I agree with everyone that would say Just Don't, and pass on the job. If you do it, you will realize you will never make money on a job like this and the risk of ruining the garment is very high.

We don't remove anyone else's stitching, only our own mistakes, and have had many times that we end up buying a new garment anyway.

If you are crazy enough to take on a job like this, MAKE THE CUSTOMER SIGN A RELEASE FOR THE GARMENT. We do this for EVERY garment brought in to our shop no matter if we are embroidering, screen printing, digital printing, or applying vinyl, and it says that we WON'T replace their garment if it is ruined in our equipment. If you are foolish and do not do this, you may end up PAYING for the privilege of doing this job when you have to replace the garment (and do you have the digitized file for the right chest design??).

This may sound harsh, but we are in the business to make money by serving our customer's needs. We would not be in business long if we spent the time it takes to remove embroidery and then restitch it for a price that the customer would think reasonable. I wouldn't charge less than $50 to change that name, and $75 would probably be more reasonable. The customer probably expects $12.

We've had every crazy request possible. People have come in with distressed (from wear) vinyl designs and want us to reapply vinyl over it (not our original work). "Can't you just go over it?"
We've had people ask us to remove vinyl names and put a new name on it.
We've had people ask us to put a block of vinyl over an existing name/number and change it. Sometimes the original is screen print.
We've had the same requests for embroidery re-do work.

We refuse most all of it. We are not a patch/repair shop. We do new work on new garments.

One day I was insane and felt sorry for a guy who wanted a vinyl number added to his jersey (Make a 5 a 15, or something like that). It took me longer to match the font and size than the whole job was worth, and we charge hefty fees when doing stuff like this. If you start this line of work, it's all you'll be doing.

Think of it this way, if ANYTHING goes wrong with that garment (cut a hole, old stitch holes show, misaligned new letters - crooked, or off left/right, up/down - thread color doesn't match... on and on), ANYTHING - then YOU are the goat, and it reflects badly on YOU. If you supply a new garment and stitch on new material, then you can give the customer something you and they can both be proud of.

I hope you passed on the job.


----------



## impact (Aug 2, 2007)

We use a number 11 scalpel blade to cut the bobbin stitches.
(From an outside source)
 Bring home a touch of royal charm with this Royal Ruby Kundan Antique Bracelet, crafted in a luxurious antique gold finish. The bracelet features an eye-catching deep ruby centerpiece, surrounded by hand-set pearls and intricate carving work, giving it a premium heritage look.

Cut the bobbin stitches in an upward motion then pull out the top stitches with tweezers, ladies eyebrow tweezers are best.


----------



## wm8c (May 31, 2011)

A small seam ripper works great or the small electric trimmers work well too but that is one design I would say no to and run! You will likely have issues and it will take so long, the amount you need to charge to make it worth your while would be very expensive. Your choice, but that's not a money maker. Sell them a new shirt and embroidery with it, that's what you are in business for, not removing designs. $35 per hour shop rate to remove it?


----------



## Susanscarb (May 13, 2013)

Sell him a seam ripper for $2.00 and tell him good luck. Don't take out any job you didn't screw up. You risk ruining the garment and customer will be unhappy.


----------



## onthegosue (Dec 7, 2010)

Because you are new to the business I'd never advise turning down an opportunity to make a client for life. Impress this guy and he will tell everyone he knows and so on. That isn't to say you have to take on every rip out and repair/replace job, but a fire department could have a lot of potential. 

I do these jobs all the time. Time consuming? YES! But I sit with the family and pick away.
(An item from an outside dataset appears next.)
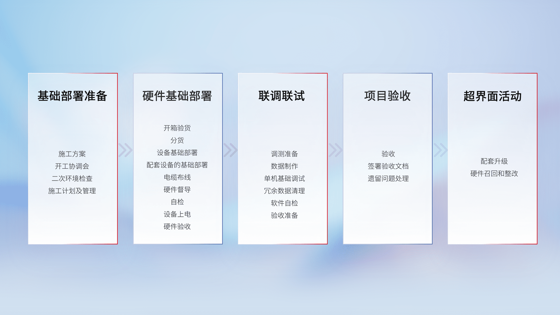 从基础部署准备、、硬件基础部署、、联调联试、、、、项目验收、、、、越界面活动的全过程可追溯,,,,保证施工质量和进度。。。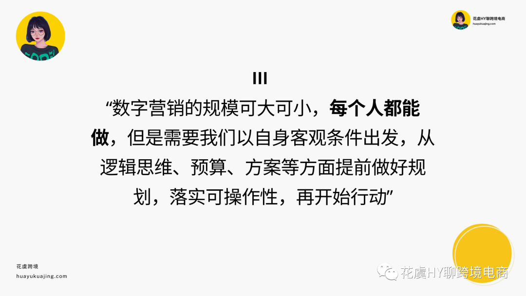 3.”数字营销的规模可大可小,每个人都能做,但是需要我们以自身客观条件出发,从逻辑思维、预算、方案等方面提前做好规划,落实可操作性,再开始行动;”

I've come up with a solution that works for me every time. I have a lamp/magnifier that I use and highly recommend for lines, lettering etc. Get a New Razorblade and press (not slice) over the bobbin lines to release. Then pull the embroidery with tweezers from the front. And for the rest I do use the stitch eraser around the outer edges and then seam ripper and tweezers to pull out the bobbin thread. Depending on the type, it's usually smooth pulling. There's far less damage to the garment if you are careful not to grab it while pulling threads. 
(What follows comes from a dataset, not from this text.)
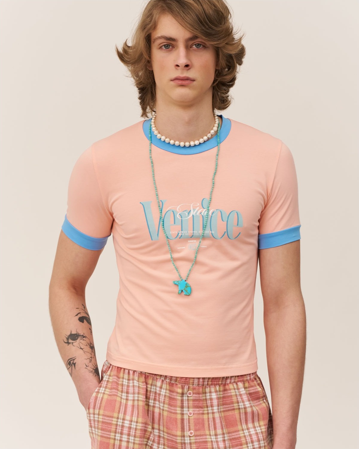 Футболка из облегченного хлопка облегающего силуэта с контрастной окантовкой.

There is sure to be some damage. Of course client should always be advised prior to beginning. If you are to replace a name with a new one: go through a design book and look for a similarly sized "patch" base and lay that underneath the new name in either a thread that matches exactly to the garment or one that may highlight or compliment other embroidery. Use an iron-on fusable web from local sewing store to fuse all the bits together, trim the fuzzies, use a good heavy backing in color that supports the garment. You'll really have to be an amazing hooper, and trace, trace, trace some more. But I've been very successful with this and can tell you how devoted a client becomes! They sing your praises and you build a business!


----------



## Graced136 (Aug 19, 2015)

Sorry to be a bit late with answer.
We do this often - unfortunately.
The trick we use is to get a surgical scalpel blade and cut the bobbin thread on the underneath of the lettering. That will be in the centre of the columns. If you haven't done before, take your time and be gentle. Never try and cut from the top. After you have cut the bobbin gently scratch off from the top with fingernails. After steam or wet and iron the area. When restitching use soluble topping.
This would normally all take about 10 minutes max.


----------



## alrozac (Dec 20, 2012)

I would tell the customer that I would not take the risk of destroying his shirt. If the customer insists I would make it very clear that I am not taking any responsibility if the shirt gets damaged. Or suggest a shirt that would be close to what he has since you can't replace it. If you just go ahead and try to do this without your customer agreeing to release you from responsibility and the shirt gets damaged they will hold you responsible.


----------



## mickeymike (Jan 29, 2008)

Even if you could remove it. It would probably be cheaper to by a new shirt.


----------



## sharon b (Jul 6, 2011)

after you remove the stitches I would do a small oval or rectangular background fill, the same color as the garment to shore it up. then embroider the new name over that. good luck!


----------